The answer is $\boxed5$. Proof: Since the sines of all the angles are equal, this means all the angles must be either $x^\circ$ or $(180-x)^\circ$, for some constant $x$. First, we show that $n=3$ or $n=4$ is not possible. If $n=3$, then the angles all must be $x^\circ,x^\circ,x^\circ$. This gives $$x+x+x=180\implies x=60$$This shows the triangle is equilateral, so its impossible for it to have different side lengths. If $n=4$, then the angles all must be either $x^\circ,x^\circ,x^\circ,x^\circ$ or $x^\circ,x^\circ,(180-x)^\circ,x^\circ$. This shows that the quadrilaterl is either a parallelogram or an isosceles trapezoid, so its also impossible for it to have different side lengths. Next, we show that $5$ is possible. Consider the pentagon with side lengths $1,2,4,3,6$ respectively, with angles $120^\circ,120^\circ,120^\circ,120^\circ,60^\circ$. [asy][asy]size(200);pair A=(0,0),B=A+dir(120),C=B+2*dir(60),D=C+4*dir(0),E=D+3*dir(-60); draw(A--B--C--D--E--A); label("$1$",(A+B)/2,dir(210));label("$2$",(B+C)/2,dir(150));label("$4$",(C+D)/2,dir(90));label("$3$",(D+E)/2,dir(30));label("$6$",(E+A)/2,dir(-90));[/asy][/asy]

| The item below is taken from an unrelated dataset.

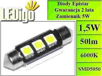 Żarówka rurka LED C5W 39mm 3SMD5050 Can Bus SUPER

Take points $A,B,C,D$ as such: Points $A$ and $B$ are such that $AB=6$. Now points $C$ and $D$ are such that $\angle CAB=120$, $AC=1$ and $\angle DBA=60$, $DB=3$. Now construct point $F$ on $DB$ such that $FC\parallel AB$. Now $ABFC$ is a parallelogram and so $FB=CA=1$ and $CF=AB=6$. Construct point E such that $CFDE$ is an isosceles trapezoid, so $CE=2$. We just have to prove that $ED=4$ to have completed the proof. Take points $X$ and $Y$ to be the feet of the perpendiculars from points $E$ and $D$ to $CF$ respectively. Now in $\triangle CEX: \angle CEX=30, \angle ECX=60$ , so $XC=\frac{1}{2}CE=1$. Symmetrically $YF=1$. Now $XYDE$ is a rectangle and so $ED=XY=CF-XC-YF=6-1-1=4$ and we are done.